Embodiments contemplated herein include a computer program or computer program product having instructions, wherein execution of the program by a processor causes the processor to carry out one or more elements of the flow diagram 100, 200, 300, 400, 500, 600, 700, 800, or 900, or the method 1000, 1100, or 1200. The processor may be a processor of a UE (such as a processor(s) of a wireless device that is a UE, as described herein), and the instructions may be, for example, located in the processor and/or on a memory of the UE (such as a memory of a wireless device that is a UE, as described herein). Alternatively, the processor may be a processor of a CN (such as a processor(s) of a network device of a CN (e.g., an AMF), as described herein), and the instructions may be, for example, located in the processor and/or on a memory of the CN (such as a memory of a network device of a CN (e.g., an AMF), as described herein).

FIG. 13 illustrates an example architecture of a wireless communication system 1300 according to embodiments disclosed herein. The following description is provided for an example wireless communication system 1300 that operates in conjunction with the 4G or LTE system standards and/or 5G or NR system standards as provided by 3GPP technical specifications.

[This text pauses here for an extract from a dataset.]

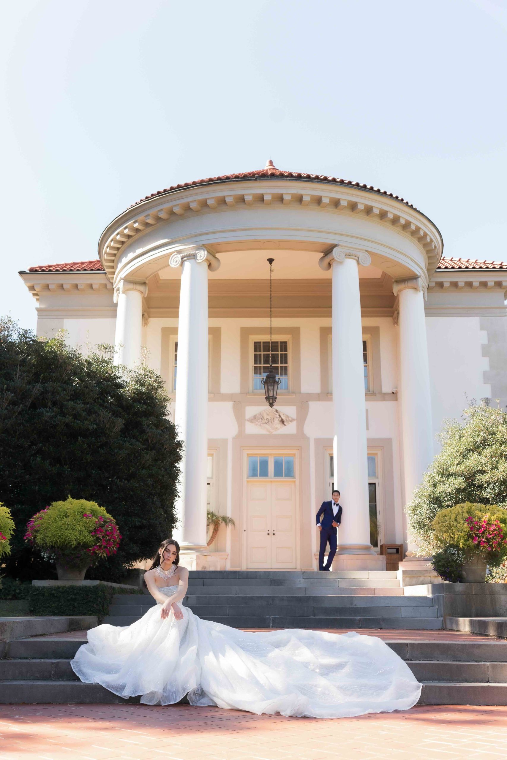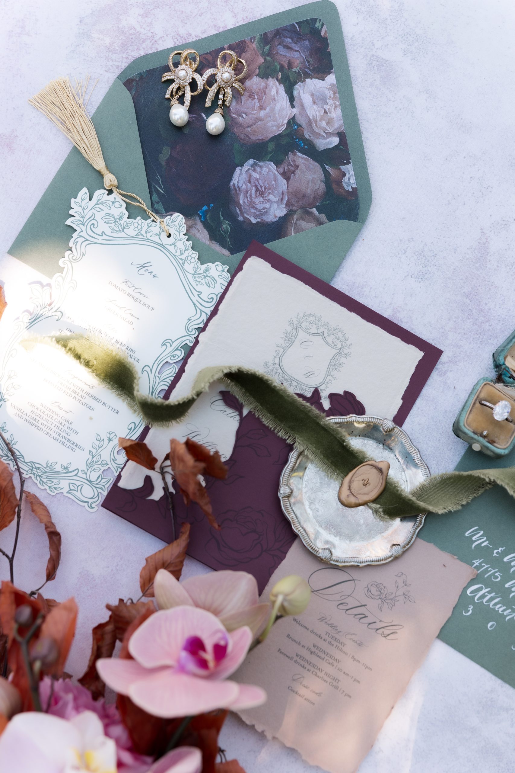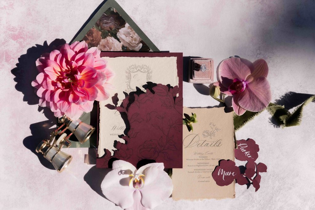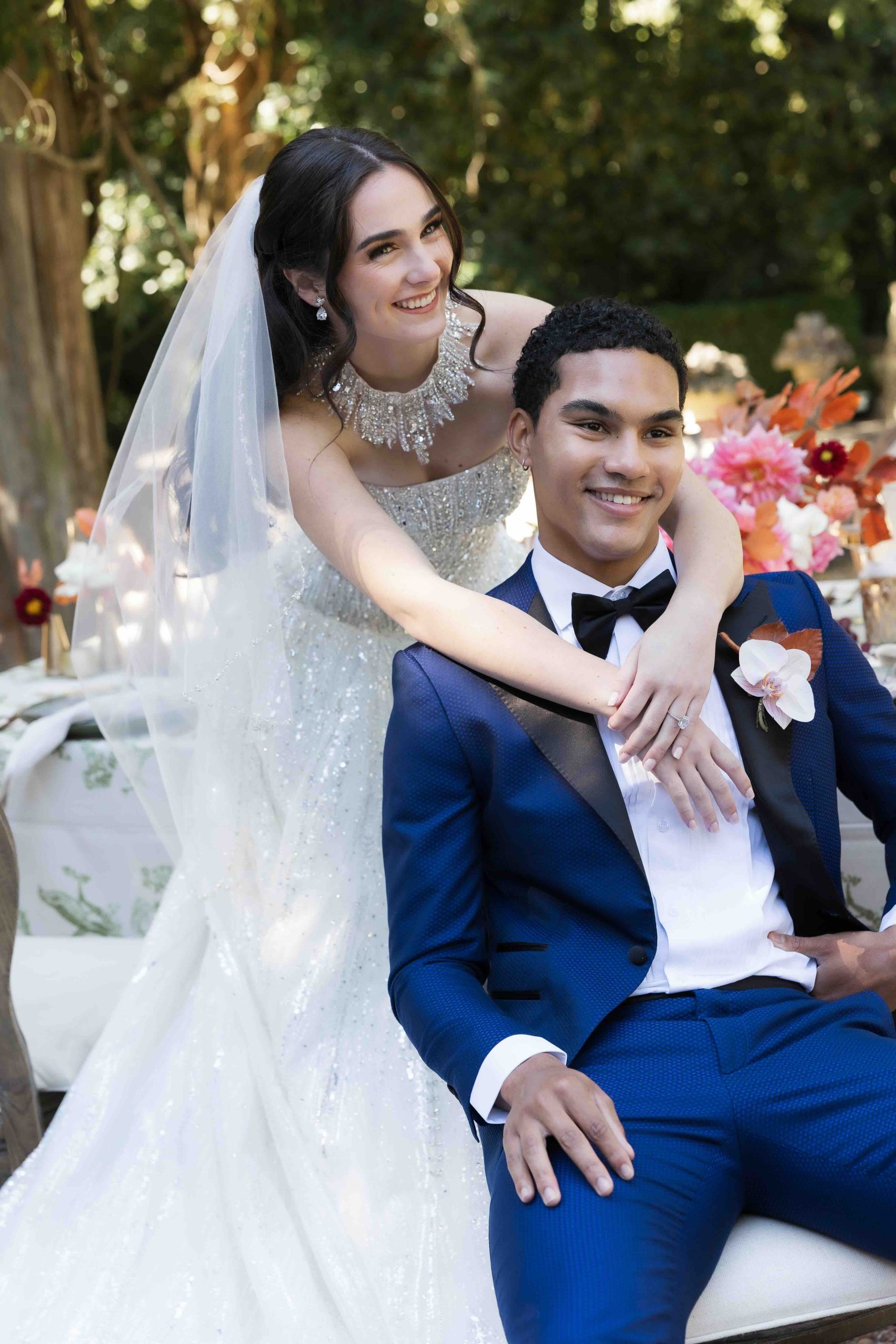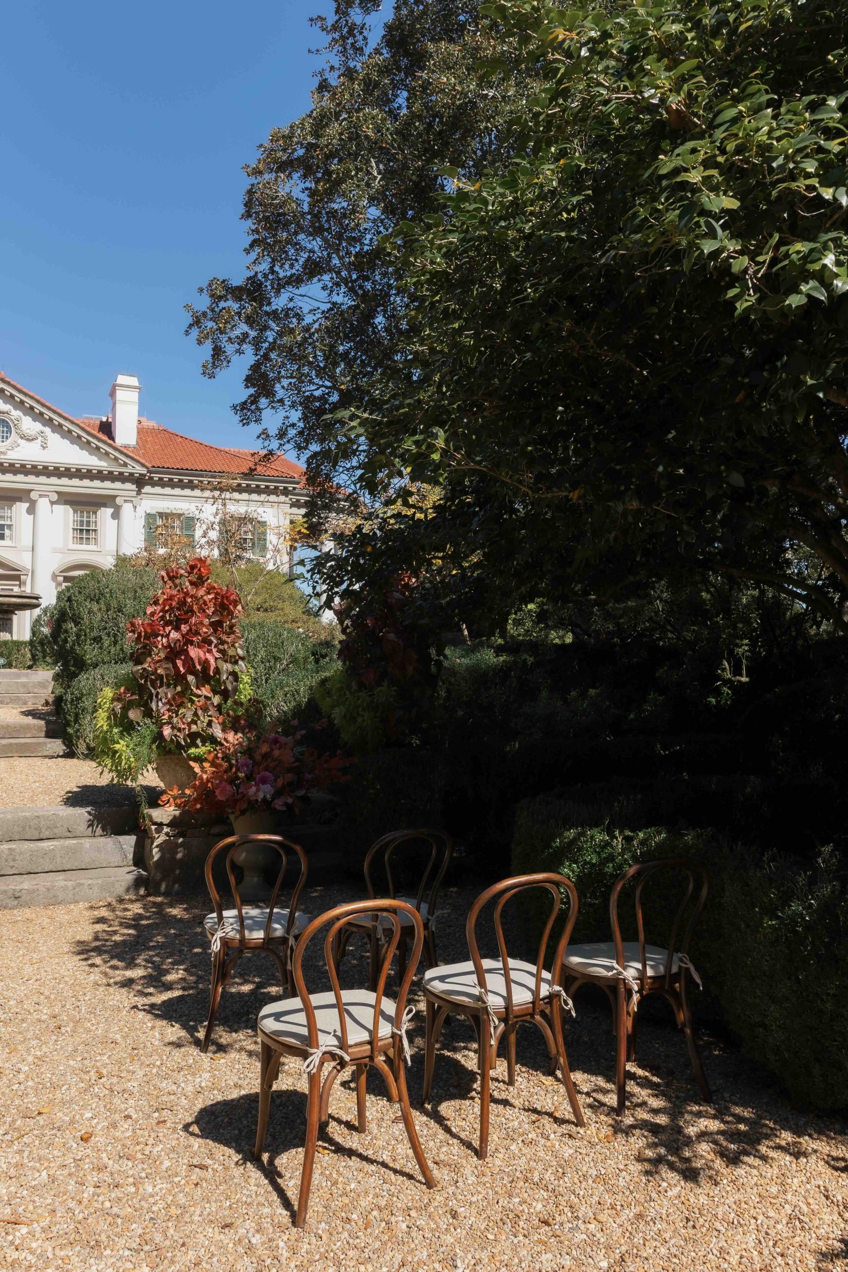 Step into a story of Southern charm, rewritten through a contemporary lens at Hills & Dales Estate. While English Spode dinnerware, toile-draped tables and artisanal tapers grounded the shoot’s palette in tradition, the colors told a more daring story. Bright pink orchids brushed against coppery fall foliage, creating jolts of modernity along the storied terraces. The bride moved through it all in an embellished gown that sparkled beneath natural canopies, lending a touch of poetic juxtaposition. Rather than recreate the past, this shoot let the old and new converse, resulting in a setting that read like classic literature brought to life.

As shown by FIG. 13, the wireless communication system 1300 includes UE 1302 and UE 1304 (although any number of UEs may be used). In this example, the UE 1302 and the UE 1304 are illustrated as smartphones (e.g., handheld touchscreen mobile computing devices connectable to one or more cellular networks), but may also comprise any mobile or non-mobile computing device configured for wireless communication.

The UE 1302 and UE 1304 may be configured to communicatively couple with a RAN 1306. In embodiments, the RAN 1306 may be NG-RAN, E-UTRAN, etc. The UE 1302 and UE 1304 utilize connections (or channels) (shown as connection 1308 and connection 1310, respectively) with the RAN 1306, each of which comprises a physical communications interface. The RAN 1306 can include one or more base stations, such as base station 1312 and base station 1314, that enable the connection 1308 and connection 1310.

In this example, the connection 1308 and connection 1310 are air interfaces to enable such communicative coupling, and may be consistent with RAT(s) used by the RAN 1306, such as, for example, an LTE and/or NR.

In some embodiments, the UE 1302 and UE 1304 may also directly exchange communication data via a sidelink interface 1316. The UE 1304 is shown to be configured to access an access point (shown as AP 1318) via connection 1320. By way of example, the connection 1320 can comprise a local wireless connection, such as a connection consistent with any IEEE 802.11 protocol, wherein the AP 1318 may comprise a Wi-Fi® router. In this example, the AP 1318 may be connected to another network (for example, the Internet) without going through a CN 1324.

In embodiments, the UE 1302 and UE 1304 can be configured to communicate using orthogonal frequency division multiplexing (OFDM) communication signals with each other or with the base station 1312 and/or the base station 1314 over a multicarrier communication channel in accordance with various communication techniques, such as, but not limited to, an orthogonal frequency division multiple access (OFDMA) communication technique (e.g., for downlink communications) or a single carrier frequency division multiple access (SC-FDMA) communication technique (e.g., for uplink and ProSe or sidelink communications), although the scope of the embodiments is not limited in this respect. The OFDM signals can comprise a plurality of orthogonal subcarriers.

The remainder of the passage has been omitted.